SuaraJogja.id - Beberapa waktu lalu peneliti UGM merilis tentang hasil pengembangan sistem pendeteksi gempa yang mampu memprediksi tiga hari sebelum gempa. BMKG pun memberikan responnya.

Lewat kicauannya di Twitter, Kepala Bidang Mitigasi Gempa Bumi dan Tsunami Badan Meteorologi Klimatologi dan Geofisika (BMKG), Daryono mengungkapkan bahwa memprediksi gempa dengan cara mengukur konsentrasi gas daron dan level air tanah ibarat tes Covid-19 dengan mengukur suhu.

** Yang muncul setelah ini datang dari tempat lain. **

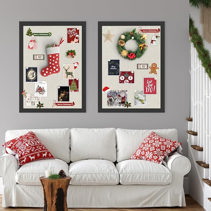 Cork Board Bulletin Board 18" x 24", 2-Pack Large Linen Corkboards with Frame for Walls, Cute Picture Display Pin Board Vision Board for Room School Office Bedroom 40 Pushpins Vintage Black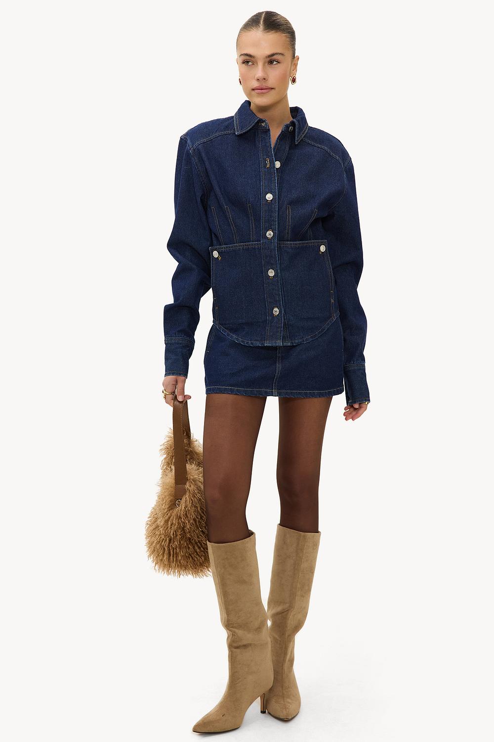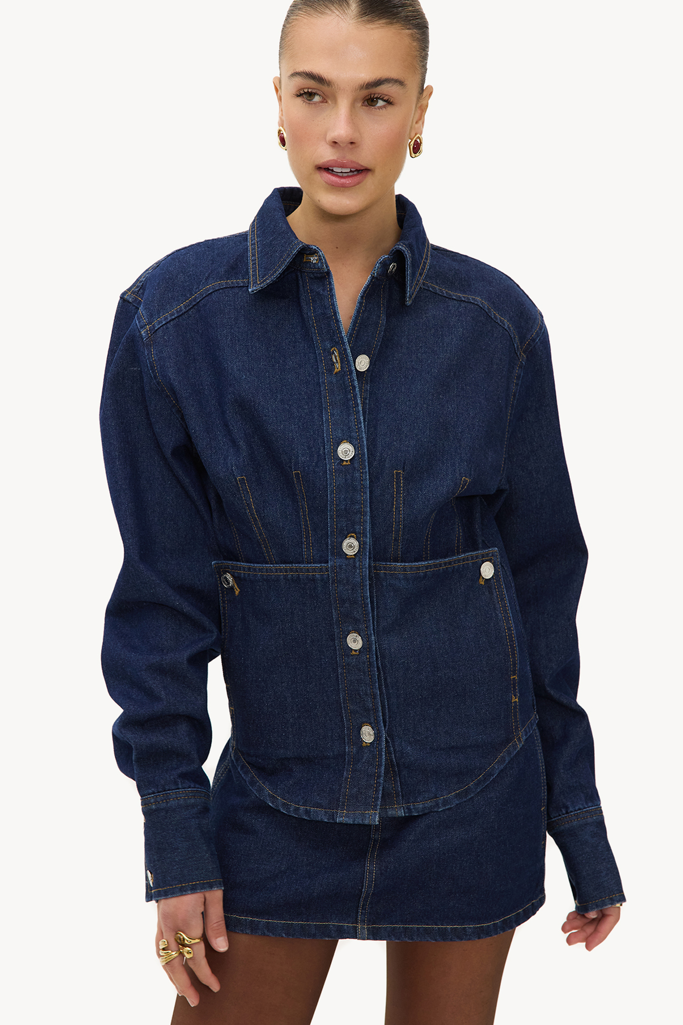 This dark blue denim blouse has an oversized fit with statement contrasting stitches. The classic collar and silver snap buttons give this item a modern twist. The waistband accentuates the shape for a tailored look. Style this blouse with a denim mini skirt for a chic denim-on-denim look.

Padahal seperti diketahui, sama halnya Covid-19 yang punya gejala kompleks, begitu pula dengan terjadinya gempa.

Menurutnya banyak parameter yang perlu dilakukan perihal prediksi terjadinya gempa.

Ia menyebut BMKG sudah melakukan semua pengukuran dengan alat-alat yang termasuk mumpuni sejak 2010 di stasiunnya di Yogyakarta. Tetapi hasil yang didapat belum konsisten.

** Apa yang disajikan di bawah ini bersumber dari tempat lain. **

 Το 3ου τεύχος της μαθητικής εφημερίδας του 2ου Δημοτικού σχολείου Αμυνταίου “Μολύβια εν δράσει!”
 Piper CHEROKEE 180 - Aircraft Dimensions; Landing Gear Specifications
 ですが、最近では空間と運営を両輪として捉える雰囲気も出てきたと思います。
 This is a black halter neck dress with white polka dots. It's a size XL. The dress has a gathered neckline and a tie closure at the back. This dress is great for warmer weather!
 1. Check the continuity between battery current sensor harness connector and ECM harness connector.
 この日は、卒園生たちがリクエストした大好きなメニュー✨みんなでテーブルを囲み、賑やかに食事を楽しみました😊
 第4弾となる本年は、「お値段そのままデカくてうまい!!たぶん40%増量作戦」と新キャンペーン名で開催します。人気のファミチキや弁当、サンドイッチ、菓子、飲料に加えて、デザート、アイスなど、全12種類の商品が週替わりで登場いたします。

"Sebaiknya terintegrasi dengan magnet bumi, TEC, suhu air tanah, tilt meter, strain meter pada tempat sama. Yang lengkap alatnya saja belum konsisten hasilnya, kita belum berani publis," tulisnya.

Sebelumnya tim peneliti dari UGM mengaku tengah mengembangkan sistem pendeteksi gempa yang mampu memprediksi satu sampai tiga hari sebelum terjadi gempa.

"Early warning system (EWS) gempa alogaritma yang kami kembangkan bisa tahu satu sampai tiga hari sebelum gempa. Jika gempa besar di atas 6 SR sekitar dua minggu sebelumnya alat ini sudah mulai memberikan peringatan," kata Ketua tim riset Laboratorium Sistem Sensor dan Telekontrol Departemen Teknik Nuklir dan Teknik Fisika UGM, Prof. Ir. Sunarno melalui keterangan tertulis di Yogyakarta, Minggu (27/9/2020).

Sunarno menjelaskan sistem peringatan dini gempa yang dikembangkannya bersama tim bekerja berdasarkan perbedaan konsentrasi gas radon dan level air tanah yang merupakan anomali alam sebelum terjadinya gempa bumi.

Menurut dia, apabila akan terjadi gempa di lempengan, akan muncul fenomena paparan gas radon alam dari tanah meningkat secara signifikan. Permukaan air tanah juga naik turun secara signifikan.